[Python-Dev] PEP 338 issue finalisation (was Re: 2.5 PEP)

Nick Coghlan ncoghlan at gmail.com
Fri Feb 17 14:55:47 CET 2006


Guido van Rossum wrote:
> [Hey, I thought I sent that just to you. Is python-dev really
> interested in this?]

Force of habit on my part - I saw the python-dev header and automatically 
dropped "pyd" into the To: field of the reply.

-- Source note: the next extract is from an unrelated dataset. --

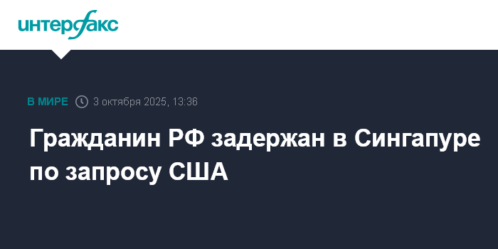 Москва. 3 октября. INTERFAX.RU - Полиция Сингапура в пятницу задержала гражданина РФ по обвинению в нарушении американского законодательства, сообщили в российском посольстве в этой стране.
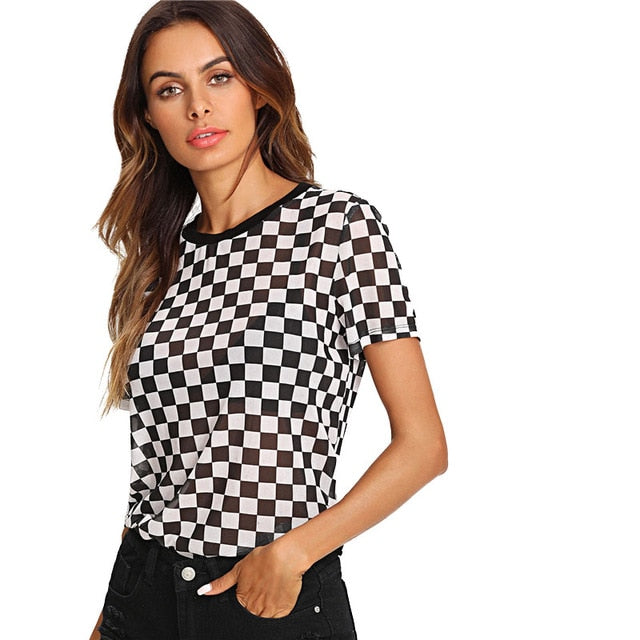 SHEIN Plaid Print Semi Sheer Tee Women Round Neck Short Sleeve Clothing Sexy T-shirt 2018 Summer New Casual Checkered Top Tee

Given Paul's contribution on the get_data front, it turned out to be a 
fortuitous accident :)


[init_globals argument]
>> I just realised that anything that's a legal argument to "dict.update" will
>> work. I'll fix the function description in the PEP (and the docs patch as well).
> 
> I'm not sure that's a good idea -- you'll never be able to switch to a
> different implementation then.

Good point - I'll change the wording so that (officially, at least) it has to 
be a dictionary.


[_read_compiled_file() error handling]
> Also, *perhaps* it makes more sense to return None instead of raising
> ValueError? Since you're always catching it? (Or are you?)

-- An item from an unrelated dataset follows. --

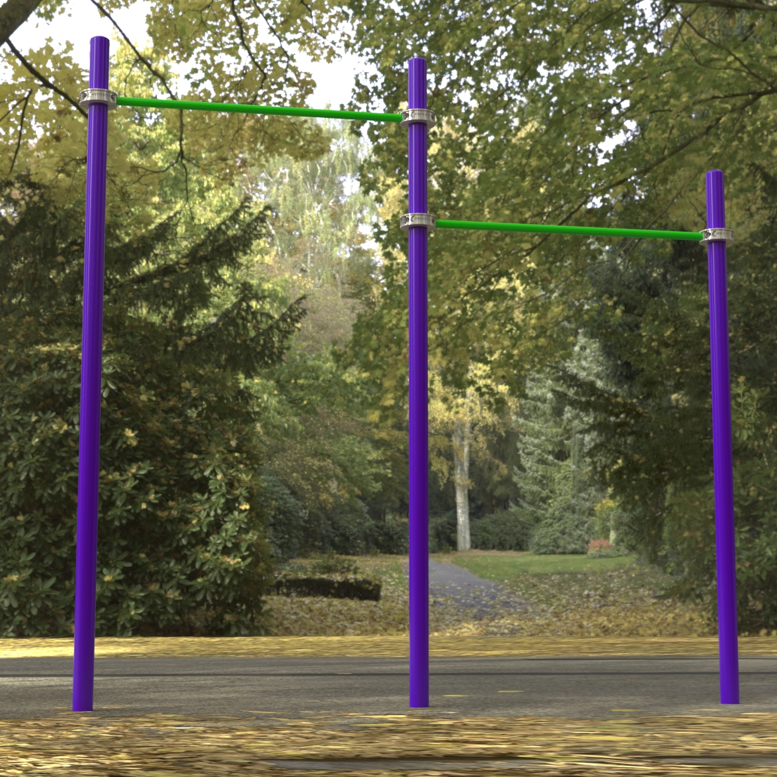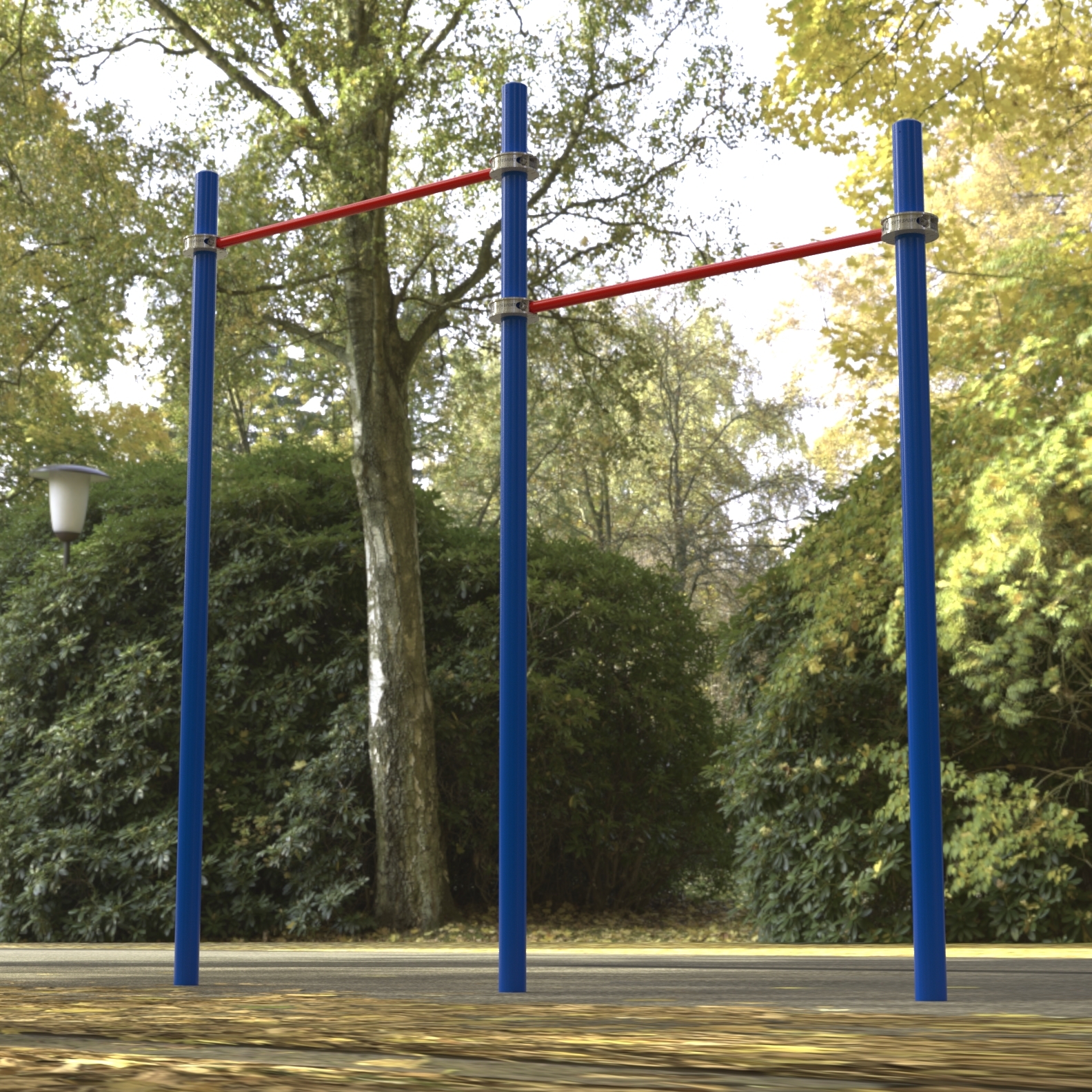 - Трёх опорных столбов, изготовленных из металлических труб высотой 2,9 м.(1 шт.) и 3,3 м.(2 шт.), сверху закрытых металлическими полусферами.

I've changed this in my local copy. That provides a means for dealing with 
marshal, too - catching any Exception from marshal.load and convert it to 
returning None.

This approach loses some details on what exactly was wrong with the file, but 
that doesn't seem like a big issue (and it cleans up some of the other code).

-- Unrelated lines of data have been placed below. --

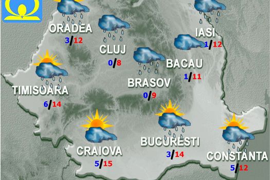 Sâmbătă, în ţară, vremea va fi normală din punct de vedere termic. Temperaturile maxime vor fi cuprinse, în general, între 8 şi 16 grade, iar cele minime între 0 şi 8 grade.
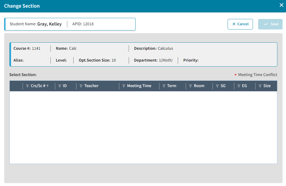 If no other sections exist for the selected course, the Select Section portion will be blank:
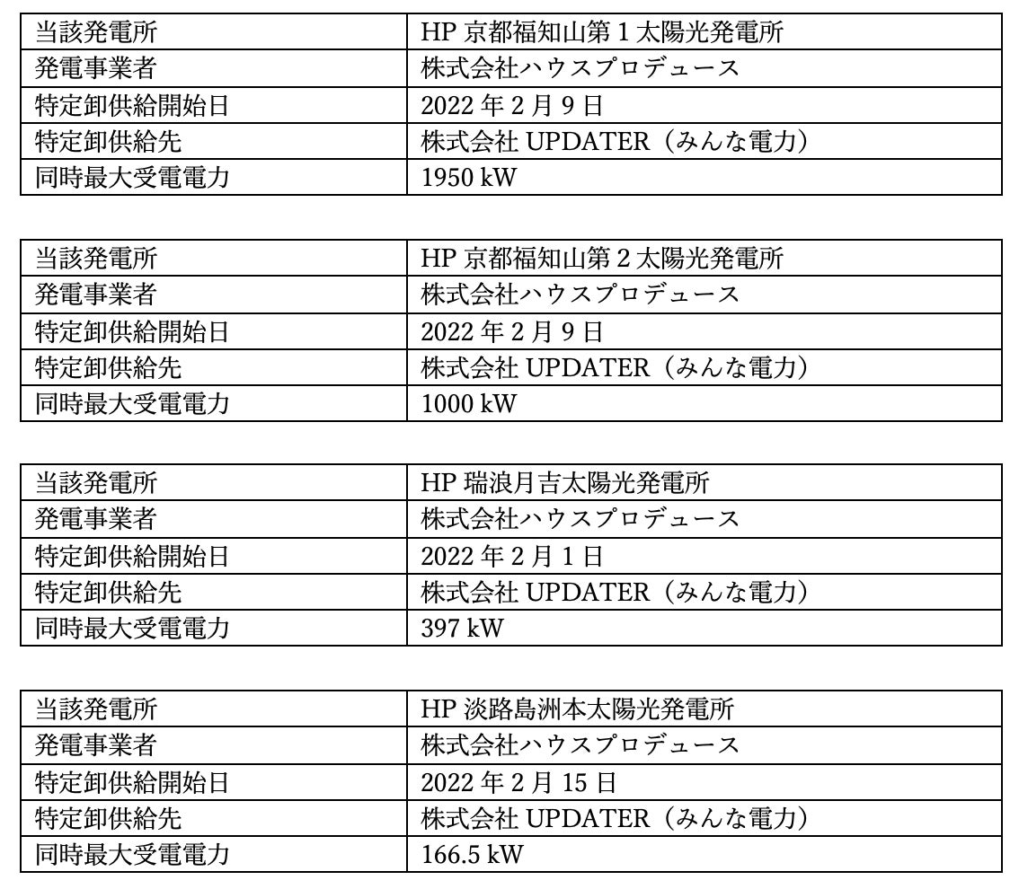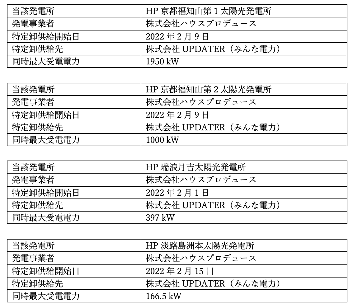 自社が保有する太陽光発電所4件の電力をみんな電力に特定卸供給開始 脱炭素社会に寄与 2月1日より順次

[run_module() error handling]
> OK. But a loader could return None from get_code() -- do you check for
> that? (I don't have the source handy here.)

The current version on SF doesn't check it, but I just updated my local copy 
to fix that.


[run_module() interaction with import]
> What happens when you execute "foo.py" as __main__ and then (perhaps
> indirectly) something does "import foo"? Does a second copy of foo.py
> get loaded by the regular loader?

Yes - this is the same as if foo.py was run directly from the command line via 
its filename.


[YAGNI and 6 public functions where only 1 has a demonstrated use case]
> I do wonder if runpy.py isn't getting a bit over-engineered -- it
> seems a lot of the functionality isn't actually necessary to implement
> -m foo.bar, and the usefulness in other circumstances is as yet
> unproven. What do you think of taking a dose of YAGNI here?
> (Especially since I notice that most of the public APIs are very thin
> layers over exec or execfile -- people can just use those directly.)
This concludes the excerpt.